I should’ve laughed. Rolled my eyes. Called him insane. That’s what June Halloway would normally do.


He lifted his head up just enough that the space between us... shrank. Just inches.


My heart screamed kisshim. My brain screamed don’t kiss him. My body totally betrayed me, as I started leaning closer.


Just one inch. That was all it would take.


I wanted it. God, I wanted it so badly I closed my eyes.


But at the last second, he froze. His lips hovered over mine, close enough to taste but not close enough to claim.


His hand flexed against the mattress like he was holding himself back with everything he had.


"I shouldn’t," he whispered. "I don’t want to drag you into this, June. You don’t deserve that."

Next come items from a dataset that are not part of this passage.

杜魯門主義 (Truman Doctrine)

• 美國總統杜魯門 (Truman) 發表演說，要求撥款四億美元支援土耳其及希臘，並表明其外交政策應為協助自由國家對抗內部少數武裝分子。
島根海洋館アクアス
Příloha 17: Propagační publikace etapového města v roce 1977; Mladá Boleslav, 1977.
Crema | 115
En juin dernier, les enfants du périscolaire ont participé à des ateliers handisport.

I swallowed so hard it hurt. My hand was still in his hair.


A laugh slipped out of me, not because it was funny but because it hurt. "Then what do you want from me, Ian? Because I can’t tell."


His eyes flicked over my face, looking all guilty and hungry all at once, like he hated himself. "I don’t even know," he admitted. " I don’t ever want you to wake up one day regretting me. Saying I shouldn’t have."


I searched his eyes, and my voice came out softer than I meant. "You already took my first kiss, Ian. How much worse could it get?"


"It can get a lot worse."


My hand was still in his hair, the strands started slipping between my fingers, and when I twisted it, he let out this sound, low in his throat, that made my stomach flip inside out.


"Ian..." I whispered, because it was all I could manage. His name came out shaky and breathless.


His lips curved, but his eyes stayed sad. "You have no idea what you’re doing to me, June."


"Ughh," I scoffed. "And I don’t care."


That broke him a little....his shoulders shook like he was laughing and breaking at the same time. He leaned in closer.


"I want to kiss you so bad right now," he whispered. "But I’m terrified you’ll hate me for it tomorrow."


Why does he keep saying this? Was it because I got mad at him the other day for kissing me?


"I couldn’t hate you," I said fast. "I already wan....." I stopped myself before the word want slipped out, my teeth bit my lip instead.


He saw it. His eyes flicked down to my mouth, then back up, like he was fighting himself.


"June," he called my name in that low voice that sounded like a growl.


I whispered back, "Then stop warning me and just..." My throat closed on the rest, but he understood.


His hands hovered over my lower lips. "If I cross that line with you right now, I won’t be able to stop. And you deserve more than me losing control."